The 41-kilometre, standard-gauge and single-track line from Kreuzlingen via Weinfelden to Wil lies predominantly in the canton of Thurgau, while only the last, four-kilometre section is in the canton of St. Gallen. It was opened on 20 December 1911 for passenger and freight traffic and operated with steam trains. From 1938 it was also operated with a diesel railcar, initially rented. As the last significant private railway in Switzerland, it introduced electrical operations on 24 September 1965. The Reisebüro Mittelthurgau, which operates river cruises, was founded as a subsidiary in 1969.

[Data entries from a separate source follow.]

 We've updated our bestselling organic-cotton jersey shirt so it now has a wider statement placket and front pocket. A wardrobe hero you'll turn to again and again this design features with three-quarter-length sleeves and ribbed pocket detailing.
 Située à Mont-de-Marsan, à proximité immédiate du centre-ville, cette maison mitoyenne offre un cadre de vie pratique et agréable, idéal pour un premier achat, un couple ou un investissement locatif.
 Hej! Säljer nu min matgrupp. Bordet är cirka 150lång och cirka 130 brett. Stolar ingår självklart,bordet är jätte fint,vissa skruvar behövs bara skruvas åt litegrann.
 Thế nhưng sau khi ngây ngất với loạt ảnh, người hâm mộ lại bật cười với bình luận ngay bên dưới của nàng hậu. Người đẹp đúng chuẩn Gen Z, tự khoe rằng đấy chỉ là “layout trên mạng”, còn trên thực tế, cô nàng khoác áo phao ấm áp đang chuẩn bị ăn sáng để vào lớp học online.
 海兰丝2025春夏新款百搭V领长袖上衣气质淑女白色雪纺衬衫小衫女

The trains generally began and ended in Konstanz, where a connection to the German state railway network existed. They used the 1 km-long Kreuzlingen–Konstanz line, which had been opened by the Swiss National Railway (Schweizerische Nationalbahn; SNB) on 17 July 1875 and later transferred to the SBB.

Shortly before its end, the MThB expanded and also took over lines that ran to Germany. However, investments in infrastructure and rolling stock meant that it assumed considerable debt. Mittelthurgaubahn AG was finally dissolved on 11 October 2002. The chief executives were Peter Joss, longtime director, and Hermann Lei (a former member of the Grand Council of Thurgau). The rolling stock and the equipment were taken over by Thurbo AG.

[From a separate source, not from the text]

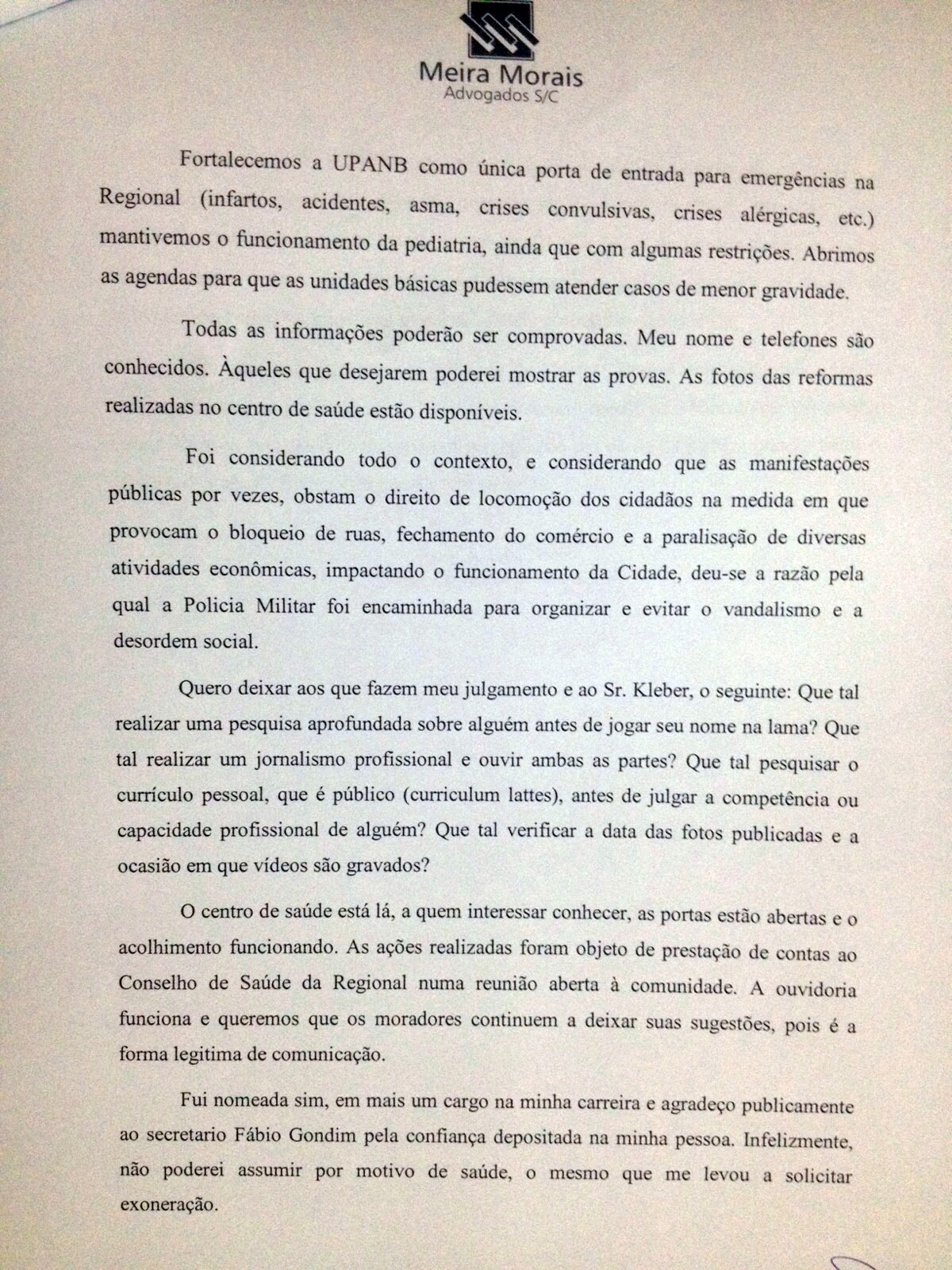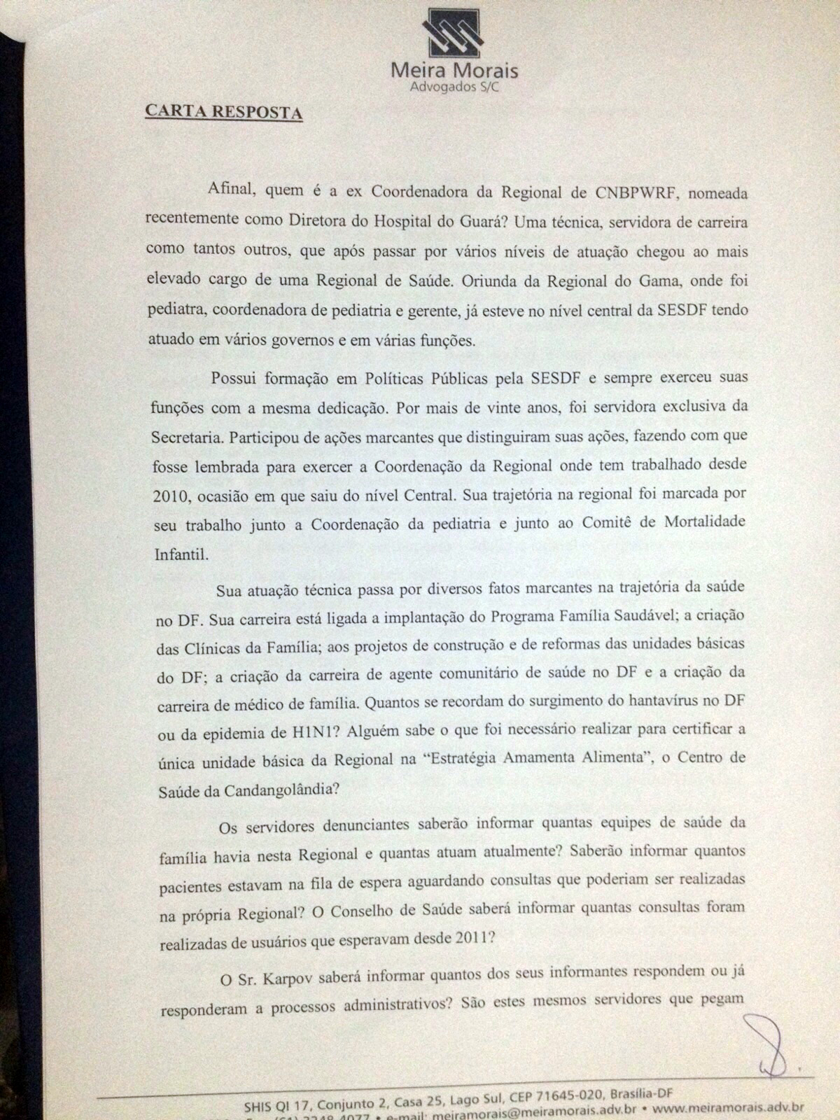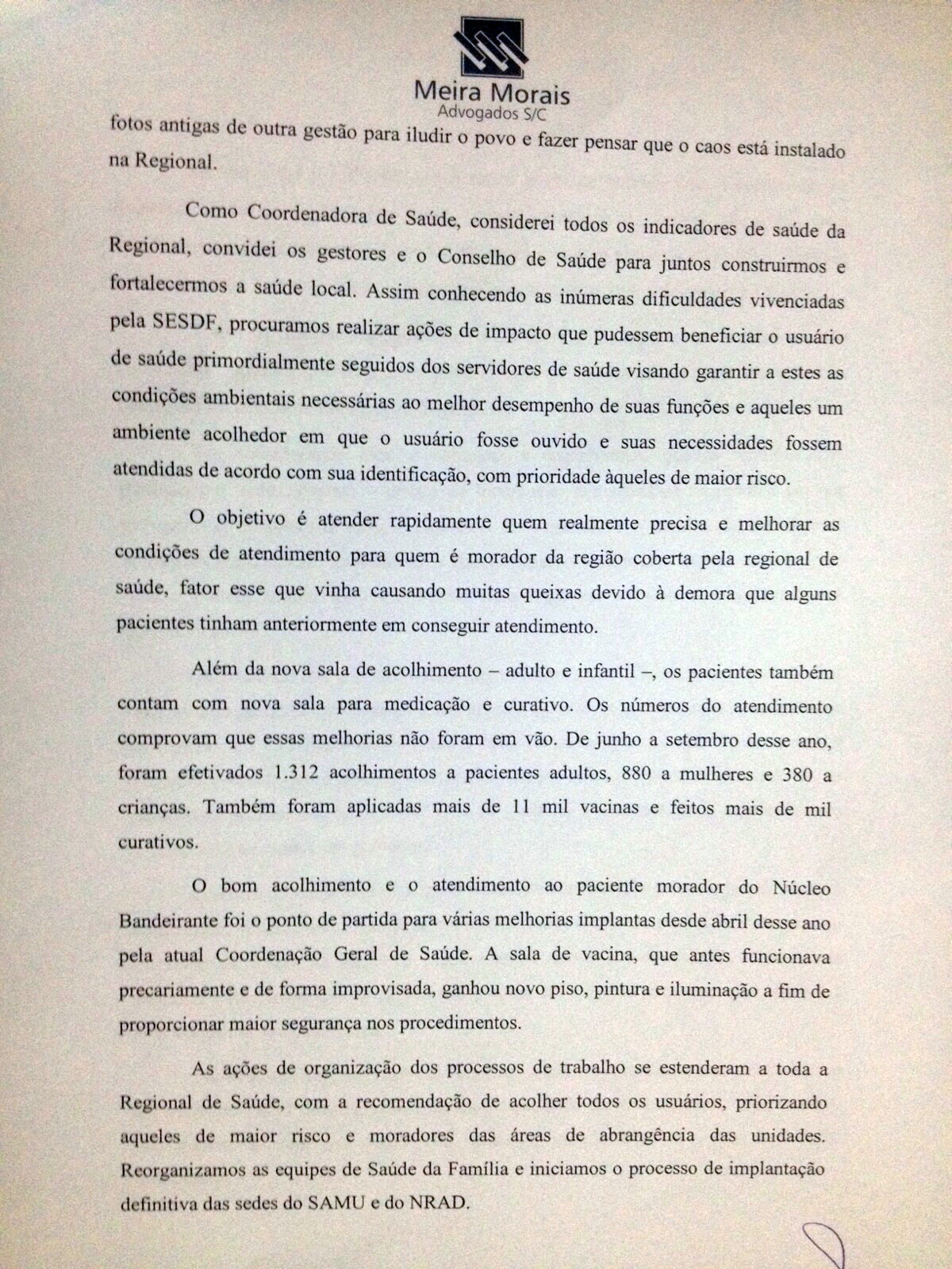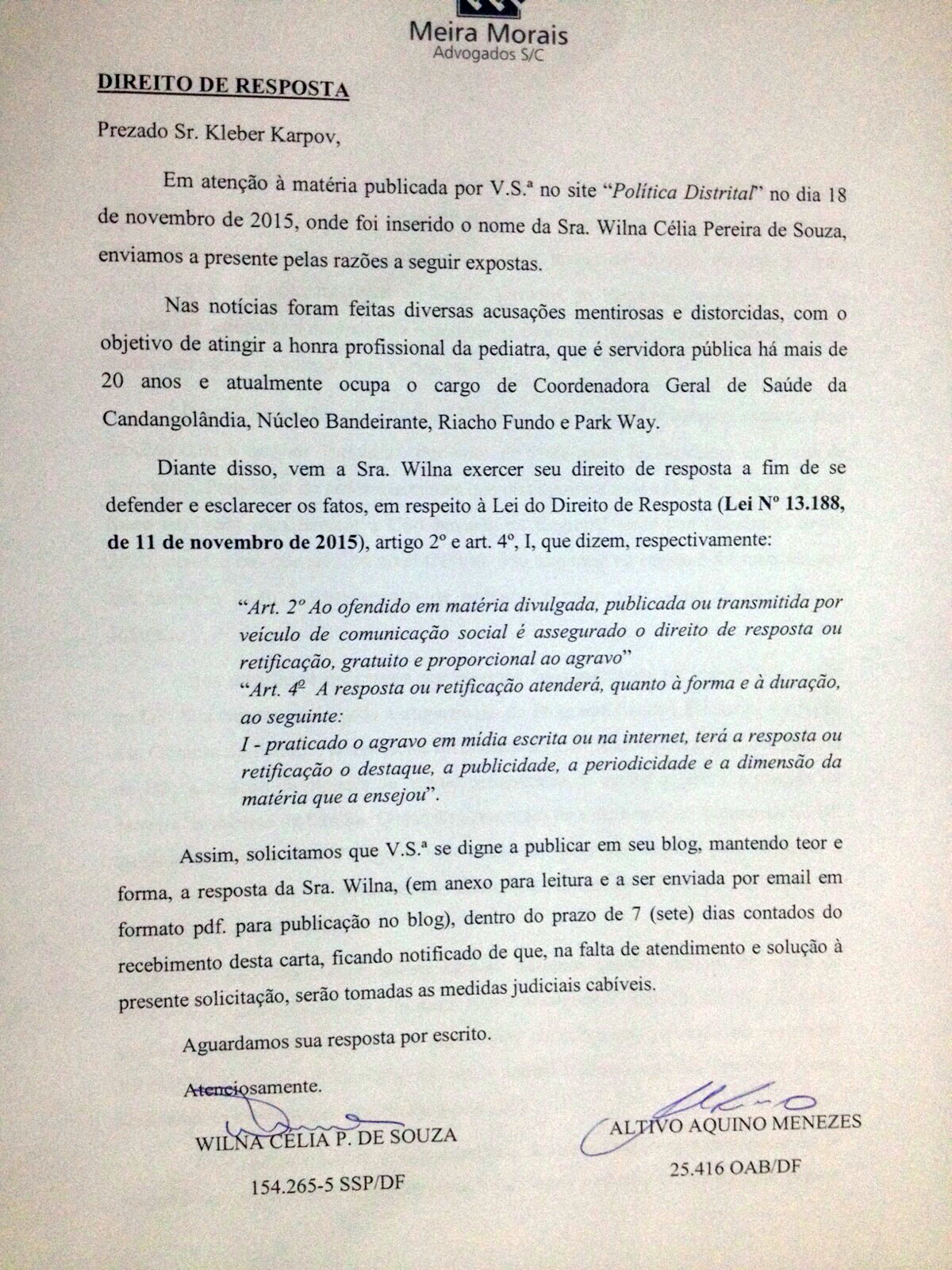 A ex-coordenadora geral de Saúde de Núcleo Bandeirante, a pediatra, Wilna Célia Pereira de Souza, Wilna Célia, reportou-se ao Política Distrital, por meio de empresa de advocacia que a representa, no intuito de solicitar direito de resposta, baseado na Lei do Direito de Resposta, nº 13.188 de 11 de novembro de 2015, pertinente à matéria publicada por este Blog (18/Nov), intitulada, “Polícia para quem precisa”: Moradores cobram qualidade na Saúde de Núcleo Bandeirante, sob alegação de ser omisso em relação a ouvir a fonte, e publicar informações inverídicas.

=== Extended operations of the Mittelthurgaubahn===
In addition to its main line, MThB took over the management of operations in the 1990s on the following routes in Germany and Switzerland:

- Germany:
  - Seehas: Konstanz – Radolfzell – Singen – Engen, on behalf of Deutsche Bahn
  - Seehäsle: Radolfzell – Stockach on the non-electrified Radolfzell–Mengen railway, on behalf of the district of Konstanz
- Switzerland
  - Rorschach - Romanshorn – Kreuzlingen – Stein am Rhein – Schaffhausen
  - SBB Lake Line (Seelinie); the operation of the line was won in competition with the SBB; it included the upgrade of the infrastructure, the procurement of new rolling stock and regular interval operations.

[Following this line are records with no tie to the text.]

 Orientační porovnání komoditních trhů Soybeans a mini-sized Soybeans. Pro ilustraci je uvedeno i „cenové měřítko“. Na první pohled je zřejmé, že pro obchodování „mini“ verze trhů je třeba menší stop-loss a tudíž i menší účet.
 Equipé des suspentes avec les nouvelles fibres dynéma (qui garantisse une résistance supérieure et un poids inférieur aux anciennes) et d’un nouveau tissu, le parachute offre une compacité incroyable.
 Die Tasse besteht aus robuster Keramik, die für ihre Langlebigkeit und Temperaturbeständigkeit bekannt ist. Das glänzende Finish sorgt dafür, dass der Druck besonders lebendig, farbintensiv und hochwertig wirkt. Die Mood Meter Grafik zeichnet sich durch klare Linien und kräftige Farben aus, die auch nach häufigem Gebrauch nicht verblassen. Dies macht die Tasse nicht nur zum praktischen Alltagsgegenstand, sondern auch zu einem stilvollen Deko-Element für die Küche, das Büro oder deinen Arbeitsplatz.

These tasks have been taken over by the SBB subsidiaries, SBB GmbH (Germany) and Thurbo (Switzerland). The latter is now also the owner of the (Kreuzlingen–) Tägermoos – (Weinfelden) – (Wil) line. The infrastructure of the Lake Line was returned to the control of the SBB, which also operates the infrastructure of the Wil–Kreuzlingen railway on behalf of Thurbo.

Part of the historic rolling stock, such as the Mostindien-Express with the steam locomotive Ec 3/5 number 3 (built in 1912) together with the associated cars, a railcar (ABDe 4/4 number 12) and a few others Vehicles are maintained and operated by the Verein Historische Mittel-Thurgau-Bahn for nostalgia, social and excursion trips. These are to be exhibited in the Locorama rail adventure theme park in Romanshorn.

==Current operations==

Services are operated every 30 minutes between Wil and Weinfelden as line S10 and between Weinfelden, Kreuzlingen and Konstanz as line S14 of the St. Gallen S-Bahn.